The application was running on a Photon OS appliance, so I checked to see if the native iptables
firewall was enabled using the following command:
systemctl status iptables.service
This returned a confirmation that the status was loaded/active, pictured below.

Since the firewall was enabled, I checked its configuration using the command:
iptables --list --line-numbers
This lists all the rules and their associated line numbers in the configuration.

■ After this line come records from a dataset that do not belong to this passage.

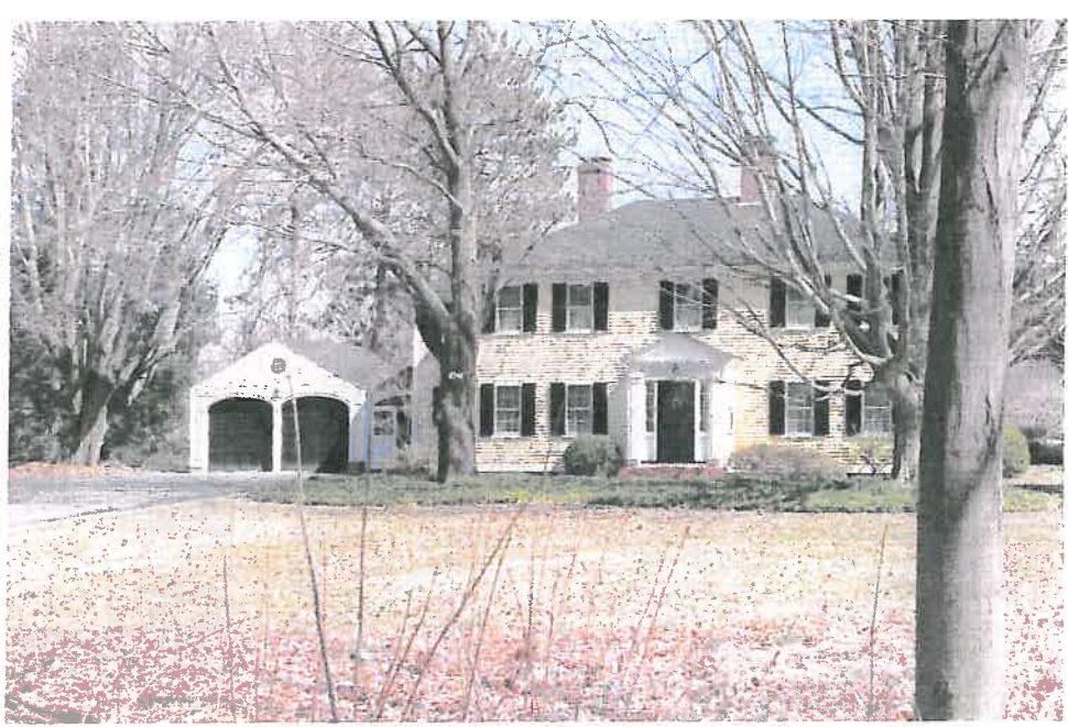
237 Farmers Row, Groton School
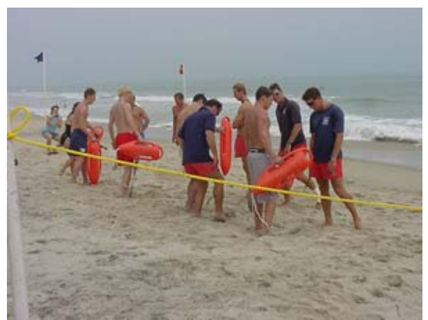
On Site Testing

Once you pass the soft sand run and the distance swim, you will be instructed on how to perform simulated water rescues. A testing officer will describe the rescue buoy, the rope, and the straps. You will be taught how to position the buoy, prepare for rescues, and scan the water. A series of repeat water rescues will be assigned to reinforce learning. The instructor will teach and demonstrate procedures for both entering and exiting the water safely. Ultimately, the candidate will be taught how to effectively make an intervention with both passive and active victims and safely return them to shore.
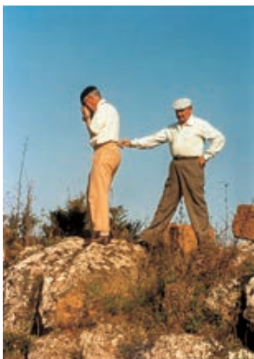
Fig. 28. King Gustaf VI Adolf photographing the Borgo NW with maresciallo Onofrio.

ports to the Soprintendenza and the 1960 report in Notizie degli Scavi . 41 A further, even more serious problem was the economic difficulties of creating an efficient work structure for the demanding publication activity and of correlating excavation and post-excavation work with Swedish university curricula. The requirements on the PhD dissertations were, at that time, that they were supposed to discuss problems rather than producing the mainly descriptive work of regular excavation reports. Thus, when back in Sweden, the San Giovenale excavators, like their peers at Luni sul Mignone, had to concentrate on other academic work. This led to the delaying of the analysis and publication work of their excavations. 42 The dissertations once finished, teaching and other research jobs tended to make the work on the San Giovenale excavations a cura posterior , handled only during too short summer vacations. Thus, the 15 years after the end of the field work in
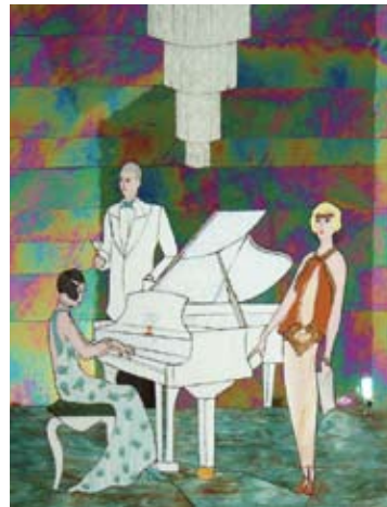
Far left: The giant crystal chandelier cascades down from the 22-foot-high ceiling. Left: The stained glass artwork the Boyds purchased at the Cocoa Beach art show mimics the chandelier and piano that it hangs next to. Above: The second floor game room provides more to-die-for views and access to a generous porch where guests can enjoy the sea breezes.

a dollop of whimsy for guests fortunate enough to stay in the Boyds' upstairs guest suite.
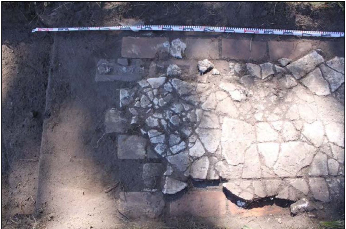
MHPAD1 Transect 7, details of concrete and brick floor, looking south
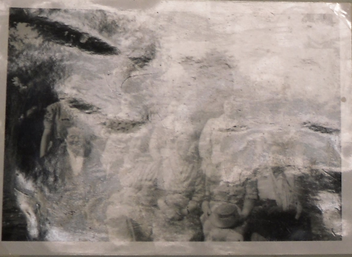
The Committee at Garden meeting, Priory Cottage June 1959
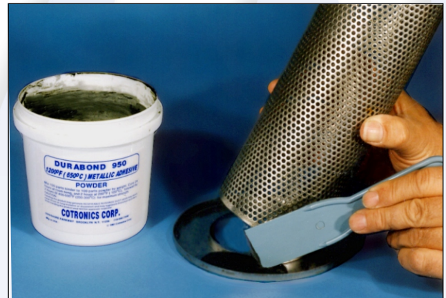
Durabond™ 954 Bonds a Stainless Filter Cartridge for use at 1200°F
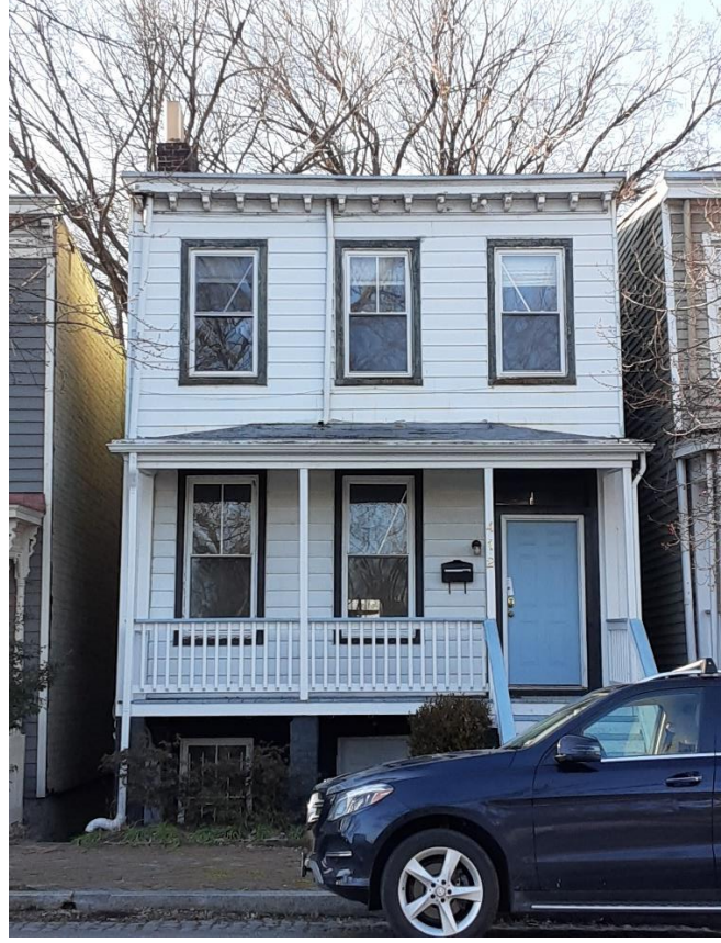
Figure 2. 412 N. 24th Street, facade.
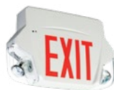
Grande™ Combo series PG. 38-39

At the end of the configuration, I could see a block of OUTBOUND requests, which allow everything (based on rule 7).
Chain OUTPUT (policy DROP)
num target prot opt source destination
1 ACCEPT tcp -- anywhere anywhere state NEW tcp dpt:https
2 ACCEPT tcp -- anywhere anywhere state NEW tcp dpt:http
3 ACCEPT tcp -- anywhere anywhere state NEW tcp dpt:ssh
4 ACCEPT tcp -- anywhere anywhere state NEW tcp dpt:https
5 ACCEPT tcp -- anywhere anywhere state NEW tcp dpt:http
6 ACCEPT tcp -- anywhere anywhere state NEW tcp dpt:ssh
7 ACCEPT all -- anywhere anywhere
8 ACCEPT icmp -- anywhere anywhere icmp echo-reply
9 ACCEPT icmp -- anywhere anywhere icmp echo-reply
For my testing, I only needed to create a rule above number 7 that would DROP
the requests to the specific vCenter Server my request was going to. I waited for the application to start, then added this firewall rule to drop requests to the vCenter Server, effectively simulating a network interruption:
iptables -I OUTPUT 7 -d 192.168.127.40 -j DROP
Caution: these changes are meant to be temporary and should only be used in test environments.

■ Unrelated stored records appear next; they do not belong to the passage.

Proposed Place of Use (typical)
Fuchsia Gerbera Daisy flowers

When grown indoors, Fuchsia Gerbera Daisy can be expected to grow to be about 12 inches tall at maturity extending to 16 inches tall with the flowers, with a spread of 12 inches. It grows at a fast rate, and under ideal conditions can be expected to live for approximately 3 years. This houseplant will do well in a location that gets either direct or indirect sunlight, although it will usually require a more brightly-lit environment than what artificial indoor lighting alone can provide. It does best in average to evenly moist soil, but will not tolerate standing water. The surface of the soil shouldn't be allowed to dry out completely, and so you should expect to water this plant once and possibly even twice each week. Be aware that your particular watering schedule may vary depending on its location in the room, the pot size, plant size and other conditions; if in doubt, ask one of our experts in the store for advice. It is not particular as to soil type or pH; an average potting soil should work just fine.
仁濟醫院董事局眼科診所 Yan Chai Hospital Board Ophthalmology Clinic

I then ran the same iptables --list --line-numbers
command and confirmed that rule 7 was now my DROP entry and the previous rule 7 (that allowed all traffic) shifted down to rule number 8.
Finally, after testing, I could remove the rule:
iptables -D OUTPUT 7
Conclusion
Using iptables makes it easy to simulate a loss of connectivity to vCenter (or any other target system) without touching physical network infrastructure. This approach is lightweight, repeatable, and useful for testing application resiliency or recovery processes. Just remember that iptables changes made this way are not persistent across reboots, so they’re ideal for temporary testing in a lab or non-production environment.